• _INSTRUCTIONS TO FOLLOW_
Look below for the line that contains "Tiêm trẻ hóa", then copy it and each following line to the end of the records, minus any pictures.

-- Opening Marker --

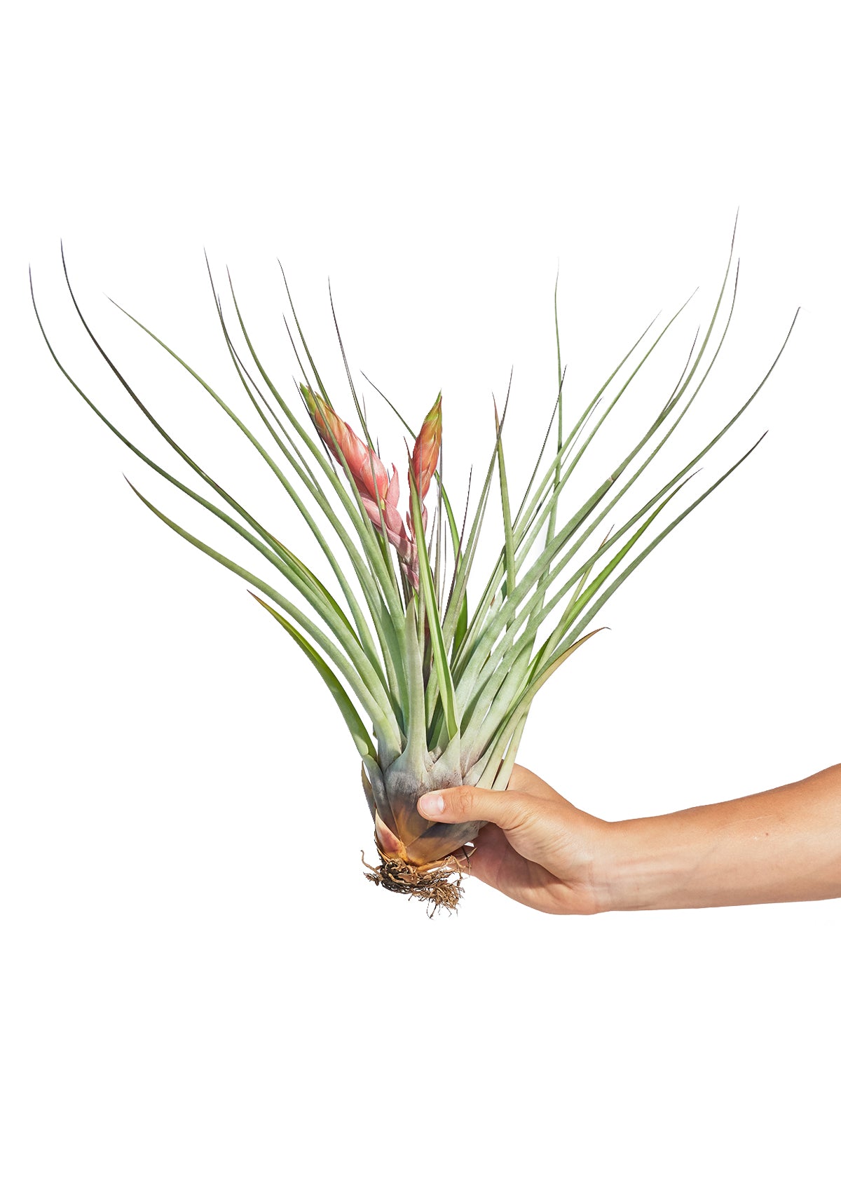 This air plant can grow without soil and obtains its nutrients from the air and rainfall. When Tillandsia fasciculata 'Tropiflora' blooms, it produces a tall inflorescence with pink or purple flowers. The flowers are quite small and can be easily overlooked among the showy foliage. This cultivar is popular among collectors and enthusiasts of air plants for its unique and attractive appearance.
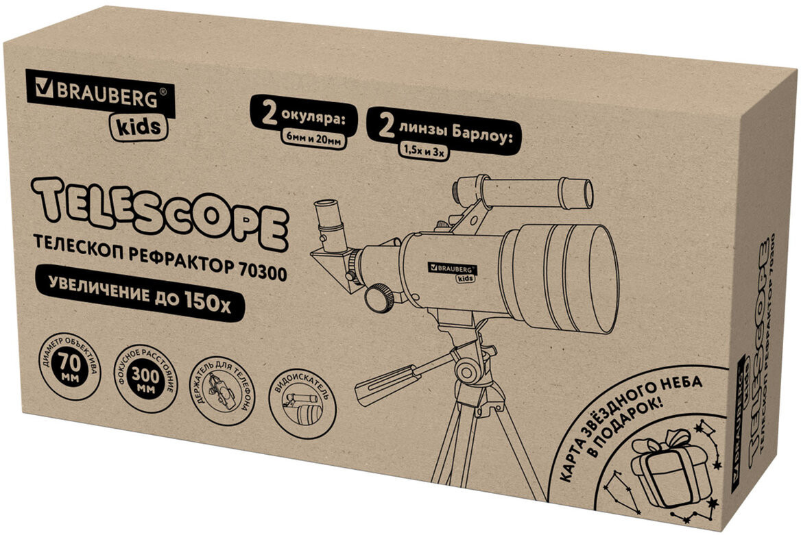 Телескоп Brauberg Kids — отличный выбор для начинающих и профессиональных исследователей. Не откладывайте открытия! Изучайте Вселенную вместе с телескопом Brauberg Kids!
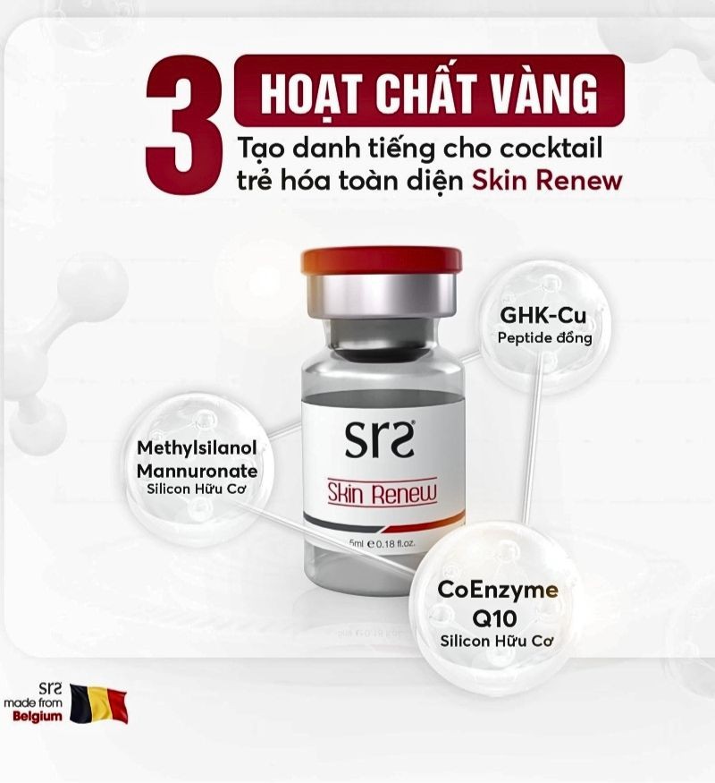 Tiêm trẻ hóa SRS Skin Renew đến từ SRS Mesotherapy, Bỉ - Thương hiệu đáng tin cậy trong ngành thẩm mỹ nội khoa tại Châu Âu. Được phát triển với đầy đủ các dòng sản phẩm chuyên nghiệp sử dụng tại các phòng khám chuyên khoa và các sản phẩm chăm sóc da tại nhà.
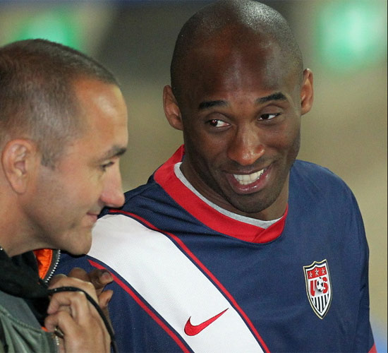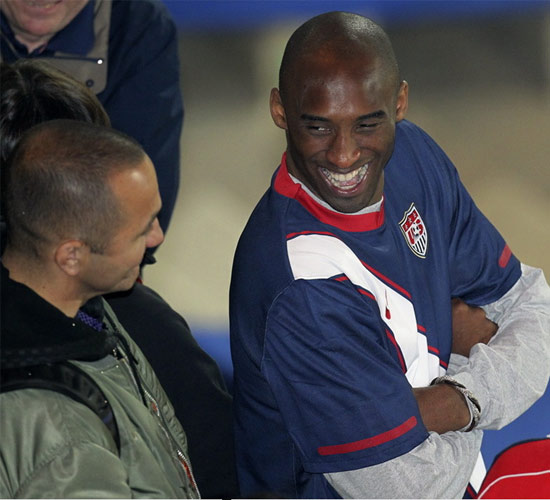6月27日,世界杯1/8決賽第二場,美國對陣加納。NBA湖人隊球星科比-布萊恩特來到南非現場為美國隊助威,科比還特意身穿了美國男足的球衣。
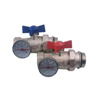 Zestaw 2 zaworów kulowych prostych z termometrem i uszczelką do łączenia z rozdzielaczami CS

-- Closing Marker --

• _RESPONSE BOX_
 Tiêm trẻ hóa SRS Skin Renew đến từ SRS Mesotherapy, Bỉ - Thương hiệu đáng tin cậy trong ngành thẩm mỹ nội khoa tại Châu Âu. Được phát triển với đầy đủ các dòng sản phẩm chuyên nghiệp sử dụng tại các phòng khám chuyên khoa và các sản phẩm chăm sóc da tại nhà.
6月27日,世界杯1/8決賽第二場,美國對陣加納。NBA湖人隊球星科比-布萊恩特來到南非現場為美國隊助威,科比還特意身穿了美國男足的球衣。
 Zestaw 2 zaworów kulowych prostych z termometrem i uszczelką do łączenia z rozdzielaczami CS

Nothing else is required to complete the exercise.